La Boqueria es famosa en todo el mundo, y con razón: es espectacular. Pero en agosto está tan llena de turistas que los mismos barceloneses la evitan. La buena noticia es que la ciudad tiene más de cuarenta mercados municipales, y algunos son mejores que el original.
Mercat de Santa Caterina
En el Born, con su espectacular cubierta ondulada diseñada por Enric Miralles, el mercado de Santa Caterina es el favorito de muchos barceloneses.

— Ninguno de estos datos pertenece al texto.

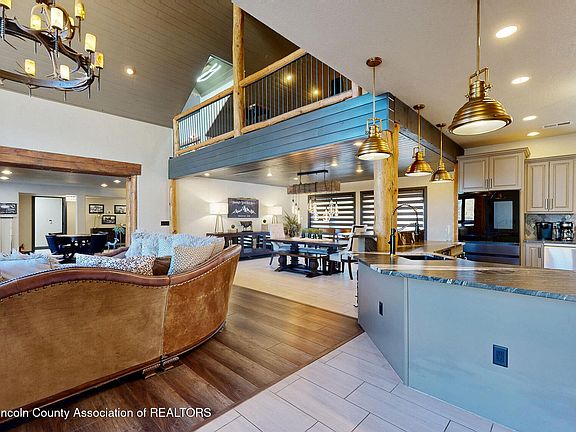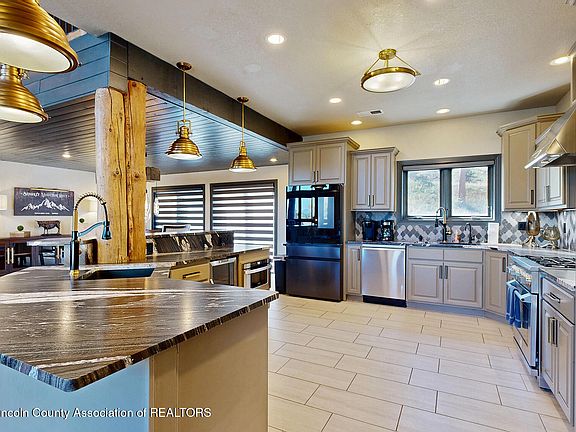 Gorgeous, well-built & uniquely decorated! 6 bdrms, 4 baths, great living rm w/FP, dining, kitchen w/walls of windows, magnificent primary suite w/FP & gorgeous bath, 2nd bdrm & bath on main, game rm. w/poker table converts to bumper pool table w/motorcycle theme bar. Upstairs is fabulous den/theater rm. w/85'' TV, fireplace,theater seating, pool table, foosball table, basketball shot game. 2 bdrms, 2 baths, super fitness exercise rm. w/equipment, wonderful decks w/hot tub, 2nd floor deck w/great firepit & deck furn. Very hard to describe as never seen anything w/such awesome decor & so many fun things to do for your huge family. Is an incredible rental at this time, on seasonal creek & 6 1/2 acres backing to National Forest! Come enjoy all the mountains have to offer & enjoy!!

Productos frescos de calidad, poca cola, ambiente de barrio. El techo de colores es una obra de arte en sí misma.
Mercat de l’Abaceria (Gràcia)
En la parte alta de Gràcia, este mercado es el corazón del barrio. Los martes y viernes hay puestos de fruta y verdura en la calle. Muy poco turismo, mucho barrio.
Mercat de Galvany (Eixample esquerre)
Reformado hace pocos años, Galvany combina puestos tradicionales con propuestas gastronómicas modernas. Zona de restauración interior donde puedes desayunar o tomar el vermut entre gente del barrio. Sin colas.
Mercat de les Corts
En el barrio de les Corts, lejos del circuito turístico. Uno de los más auténticos de la ciudad. Aquí vienen a comprar los que viven en el barrio, no los que lo visitan.
Mercat de Sarrià
Pequeño, íntimo, con productos de altísima calidad. En el pueblo de Sarrià, que aunque forma parte de Barcelona mantiene una escala y un carácter casi rural.